US 12,462,094 B2
Length-controlled text generation using a text processing model
Yujia Xie, Redmond, WA (US); Lesly Sadiht Miculicich Werlen, Kirkland, WA (US); Song Wang, Bellevue, WA (US); Pengcheng He, Sammamish, WA (US); Yuantao Wang, Issaquah, WA (US); Wei Xiong, Bellevue, WA (US); and Yanling Xiong, Sammamish, WA (US)
Assigned to Microsoft Technology Licensing, LLC., Redmond, WA (US)
Filed by Microsoft Technology Licensing, LLC, Redmond, WA (US)
Filed on Dec. 9, 2022, as Appl. No. 18/064,218.

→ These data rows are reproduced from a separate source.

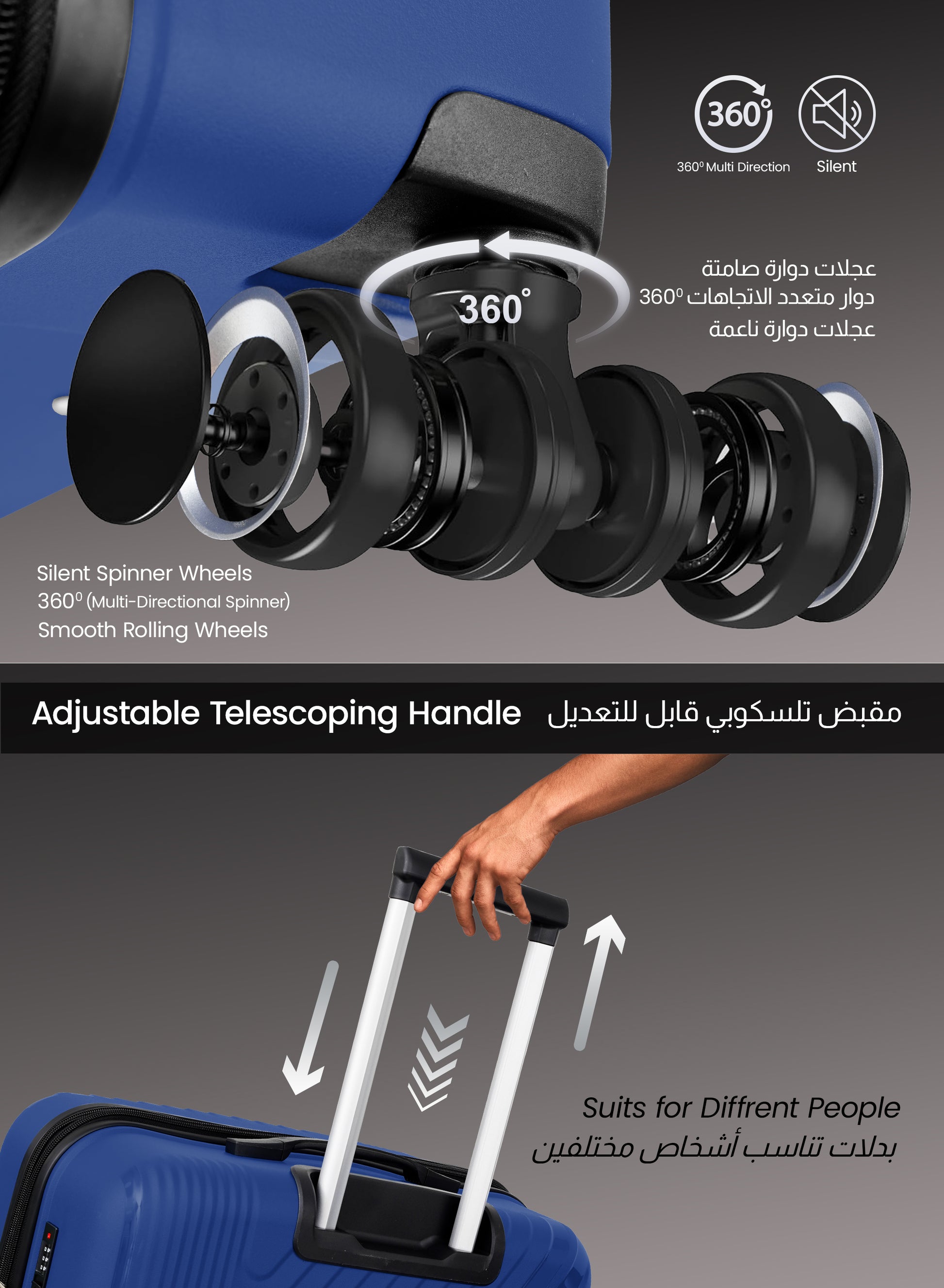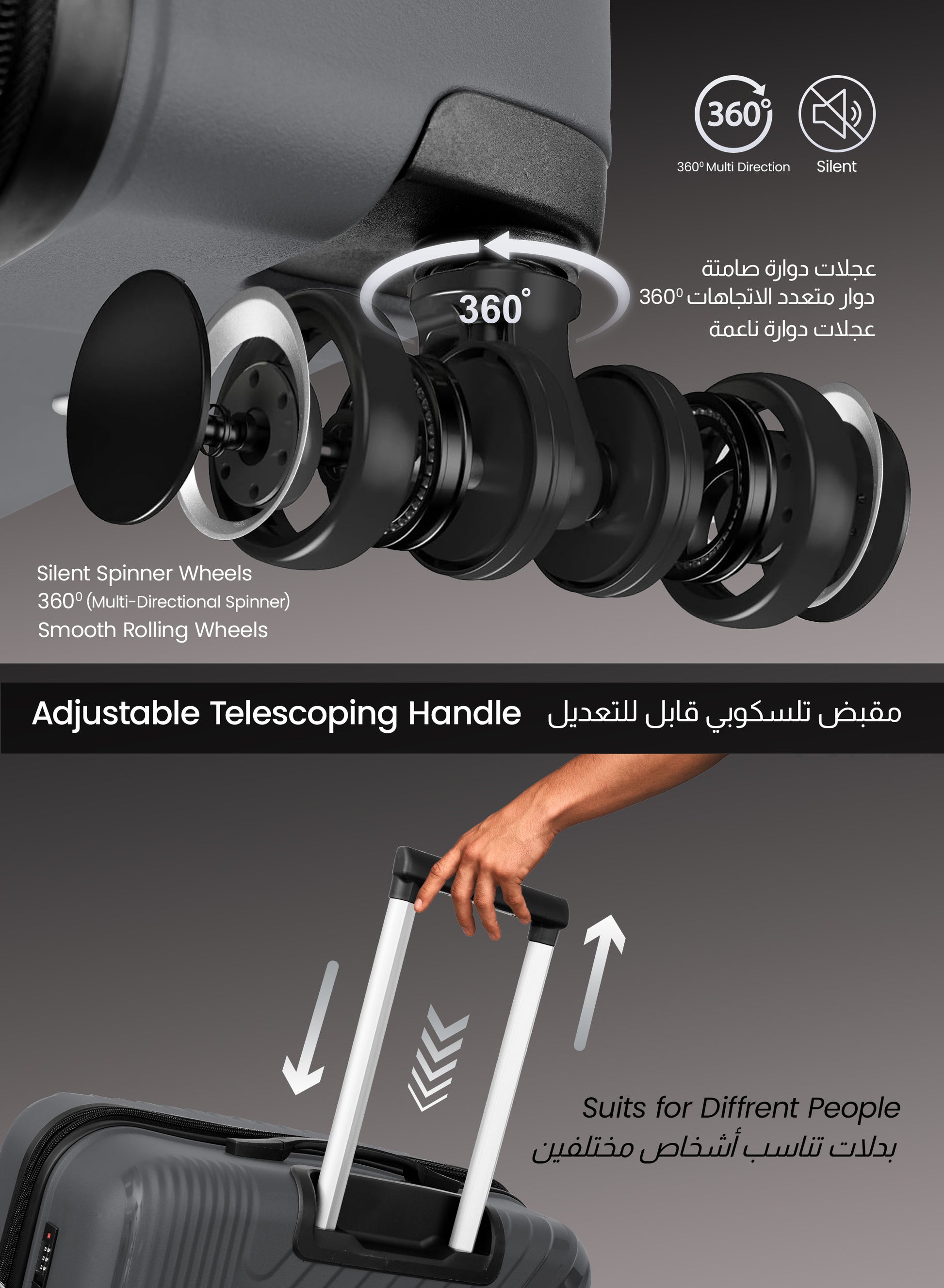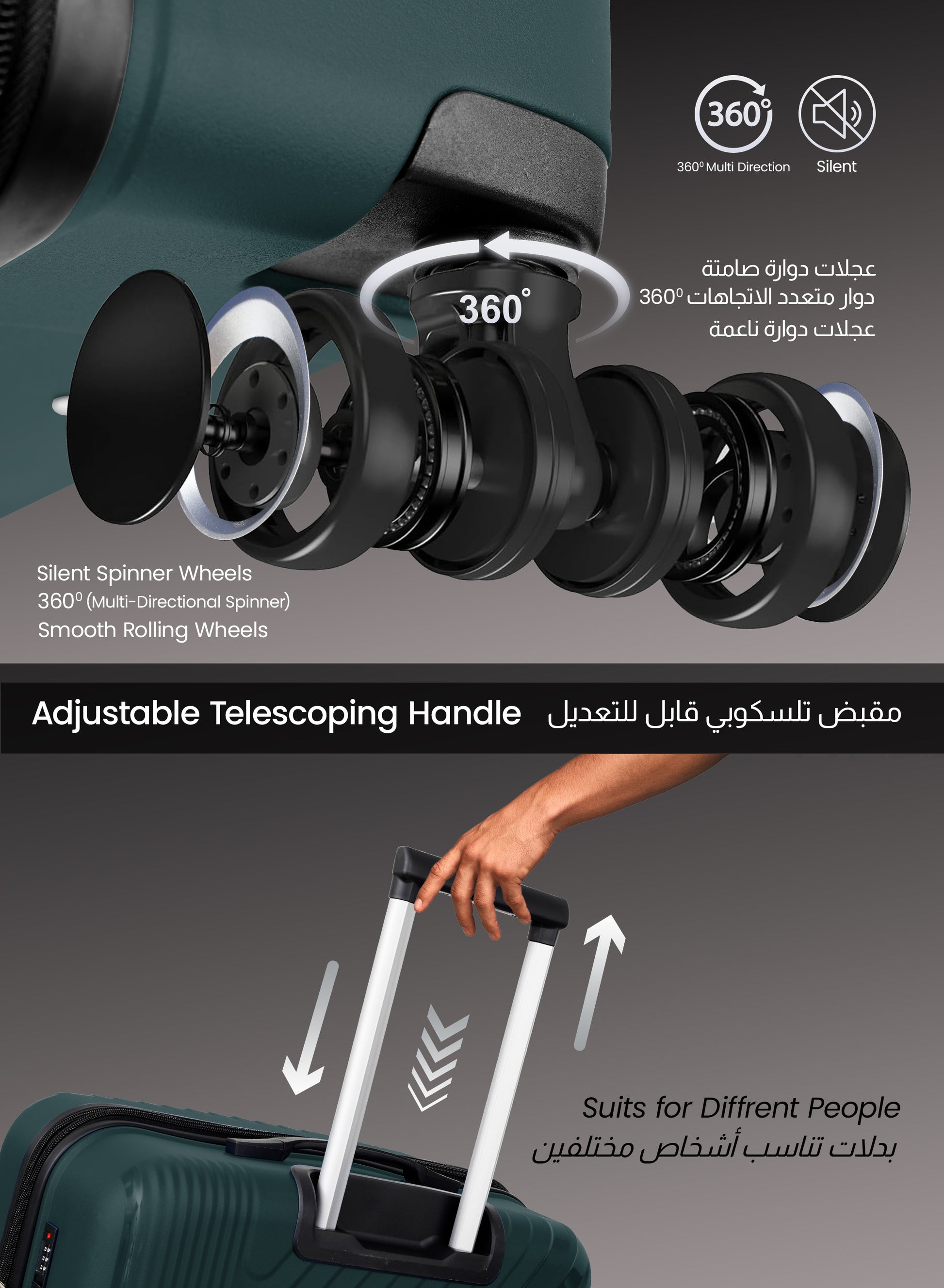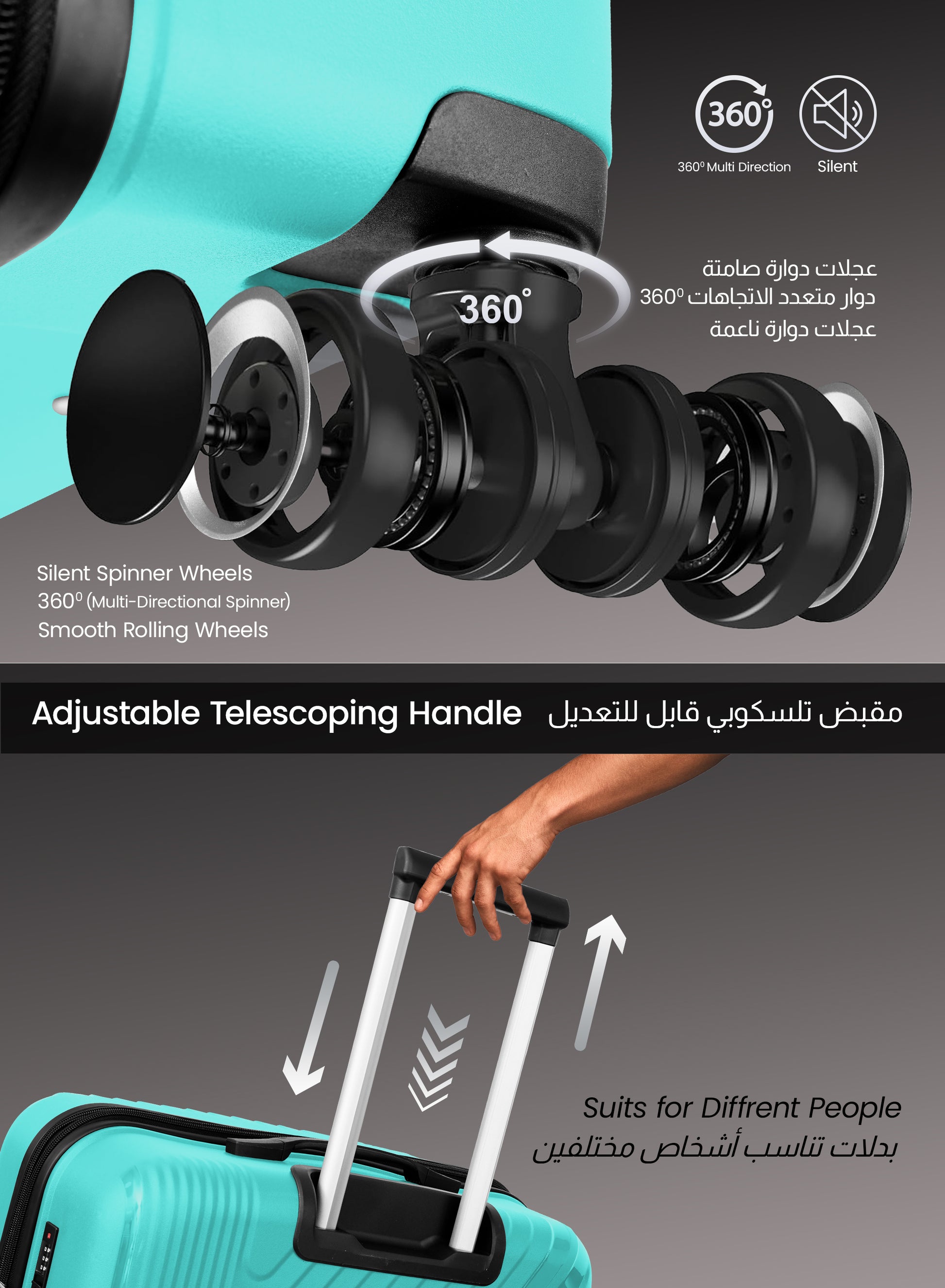 - 8 Wheels 360° silent spinners for effortless mobility over any direction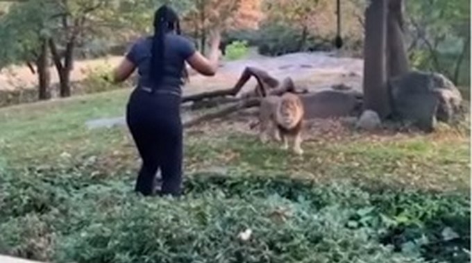 En video quedó el momento en el que la mujer ingresa sin autorización a la fosa de los leones, el aterrador instante se vivió en un zoológico de Nueva York.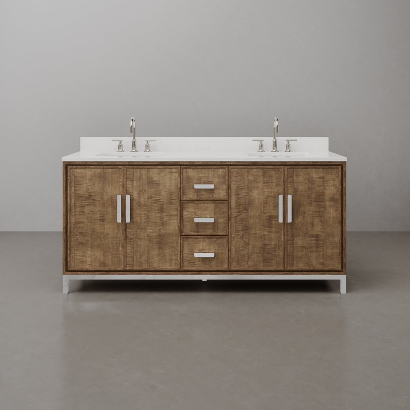 Refine your contemporary bathroom with the sophisticated Westin collection, featuring the 72-inch bathroom vanity in Lustrous Walnut. This stylish free-standing vanity is adorned with a 1-inch-thick Whitebrook quartz countertop and matching 4-inch-high backsplash, complete with pre-drilled 8-inch-wide faucet holes for easy installation of your choice of bathroom faucet. The double undermounted ceramic sinks, along with soft-closing doors and drawers with two levels of cabinet shelf storage space, ensure a luxurious experience while maintaining top-of-the-line functionality and usability. Whether you’re planning a new build, renovation, or remodel, the Westin collection’s contemporary design styling is guaranteed to elevate your next bathroom project. Vanity comes fully assembled for easy installation. Matching vanity mirror and bathroom faucets are available as options.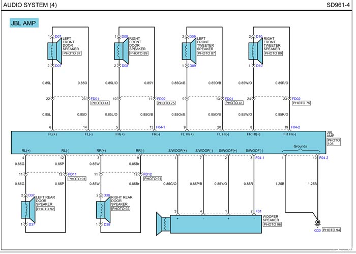 图24:美版2005 Hyundai Sonata的96370-0A200 JBL 功放接线图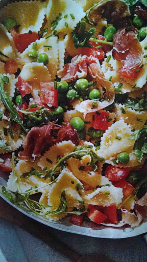 2. Transfer pasta to a warmed serving bowl. Immediately add the butter, arugula, peas (fava beans), prosciutto, cheese and tomatoes. Tossing constantly, gradually add 2 to 3 tables. of the reserved pasta water. Continue adding water until sauce turns rich and creamy. Add the chives and basil, and toss again. Season with salt and pepper.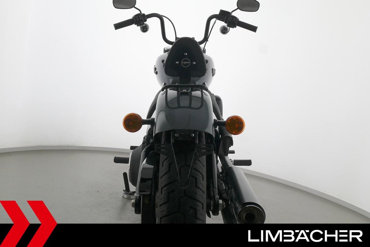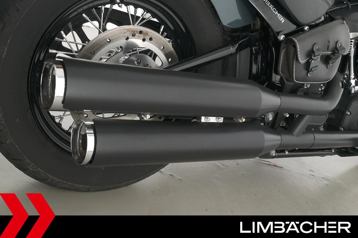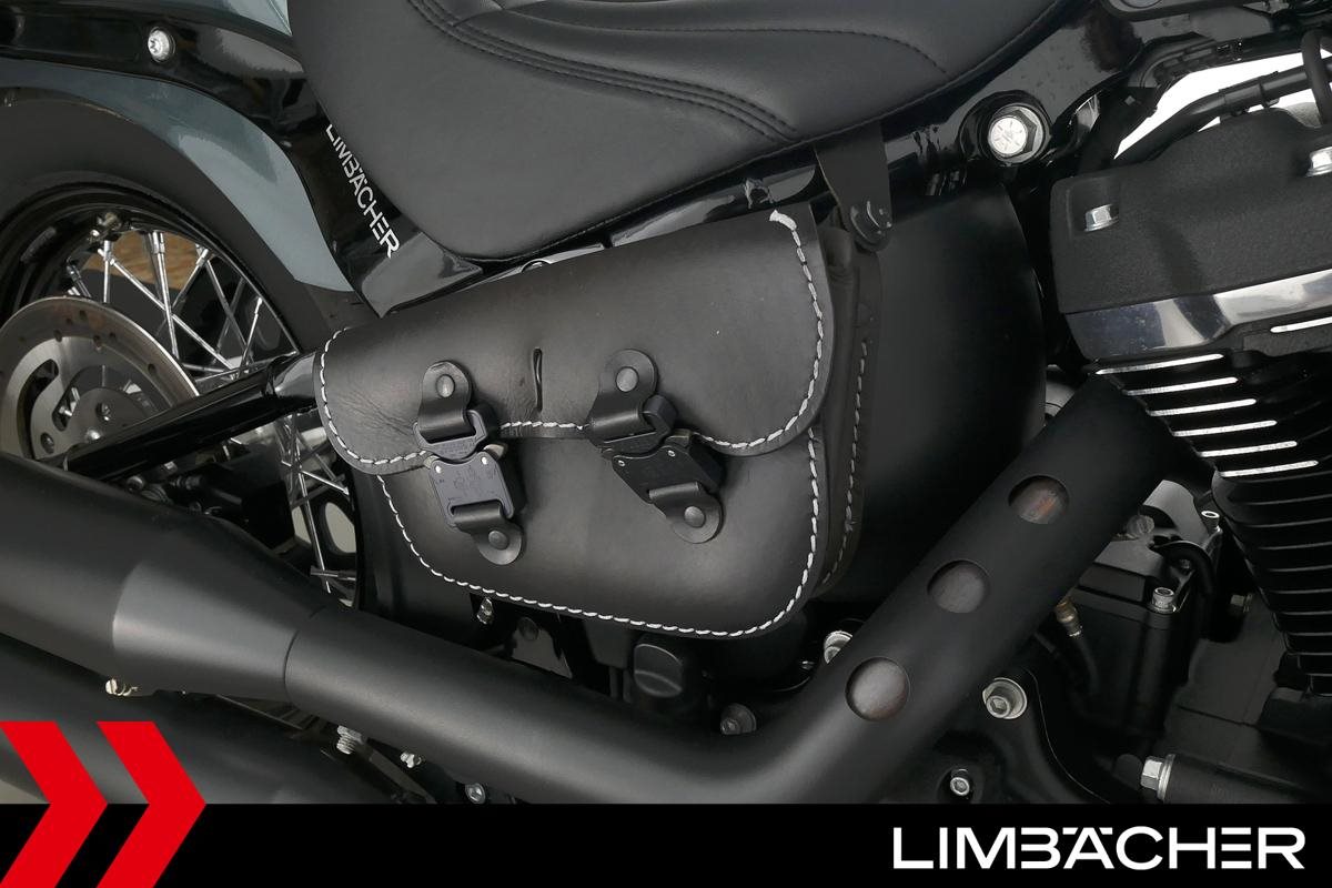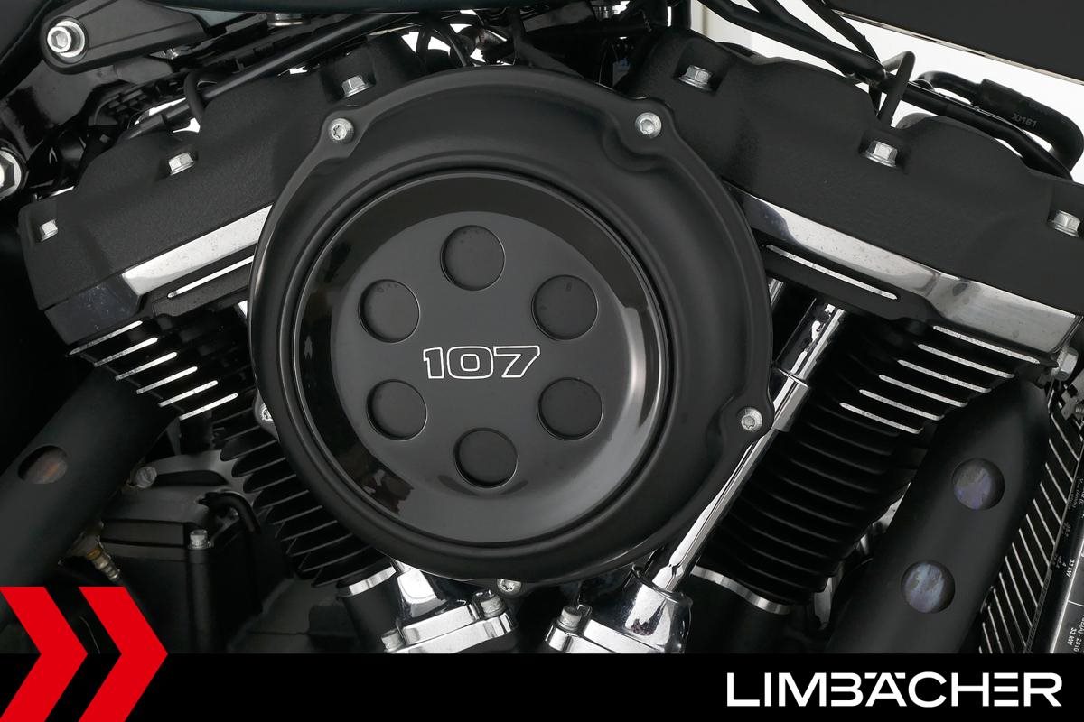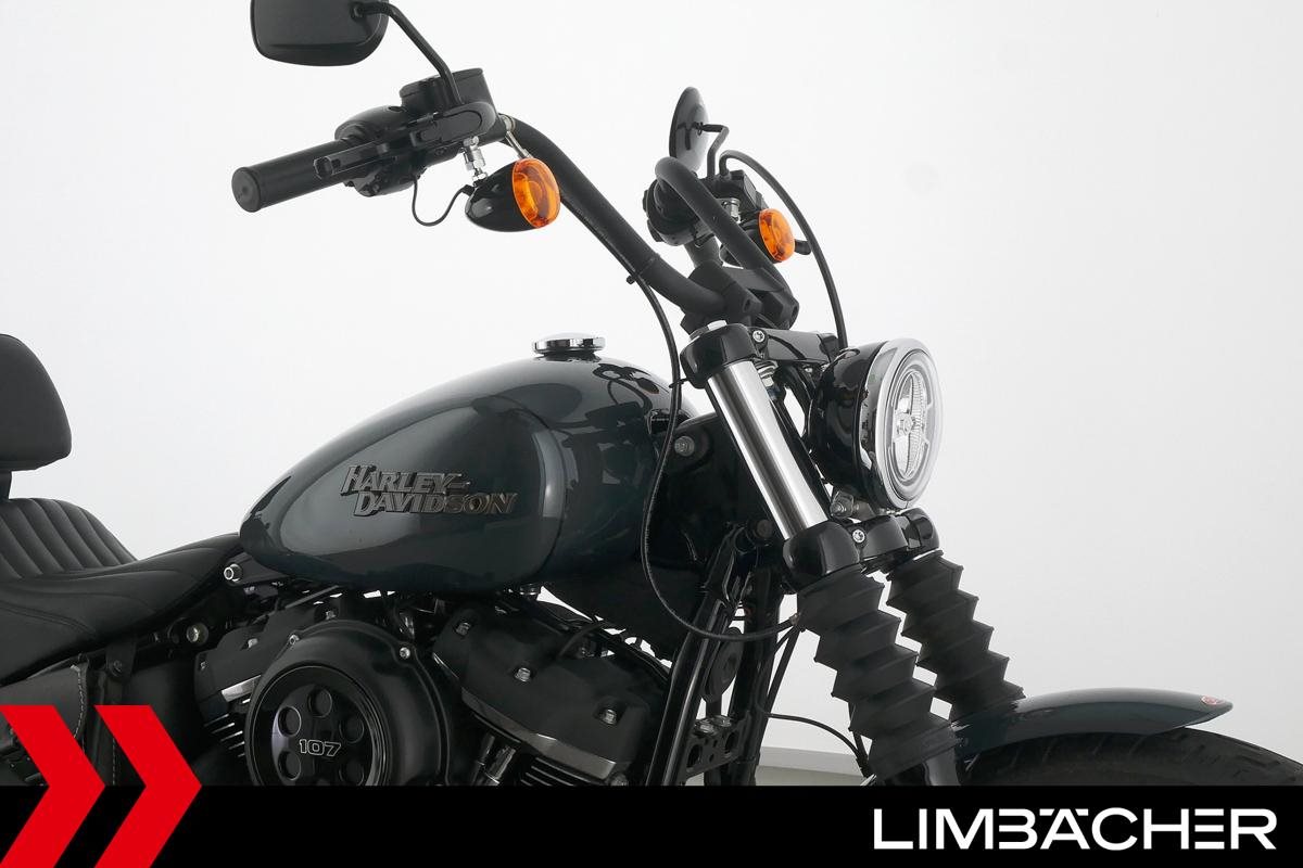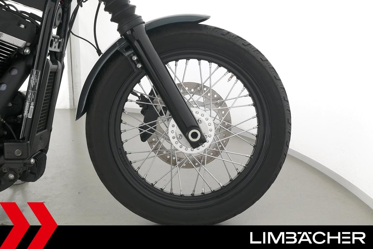 Eine scheckheftgepflegte Harley-Davidson Softail Street Bob FXBB aus zweiter Hand in sehr gepflegtem Zustand u.a. mit kurzem Kennzeichenhalter sowie Rick's-Brems- und -Kupplungshebel.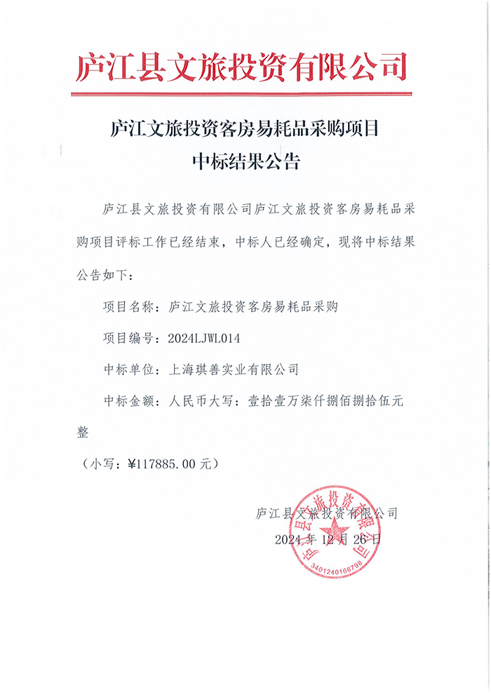 庐江文旅投资客房易耗品采购项目中标结果公告

Prior Publication US 2024/0193350 A1, Jun. 13, 2024
Int. Cl. G06F 40/166 (2020.01); G06F 40/117 (2020.01); G06F 40/284 (2020.01); G06F 40/47 (2020.01); G06N 20/00 (2019.01)
CPC G06F 40/166 (2020.01) [G06F 40/117 (2020.01); G06F 40/284 (2020.01); G06F 40/47 (2020.01); G06N 20/00 (2019.01)] 18 Claims
OG exemplary drawing
 
1. A system comprising:
a processor; and
a memory comprising computer program code for execution by the processor, wherein the computer program code, when executed by the processor, causes the system to:
obtain input text data and associated output text data;
determine a sentence count of the output text data, wherein the sentence count indicates a number of sentences within the output text data;
label the output text data with a sentence count label and a sentence number label using the determined sentence count; and
iteratively train a text processing machine learning (ML) model over multiple training iterations based on training data that includes the input text data, the output text data, and the sentence count, wherein iteratively training the text processing ML model includes, during each of the multiple training iterations, training the text processing ML model to generate model output text data from the input text data based on the sentence count, determining loss data based on a difference between the model output text data and the output text data, and adjusting weight values of the text processing ML model using the determined loss data.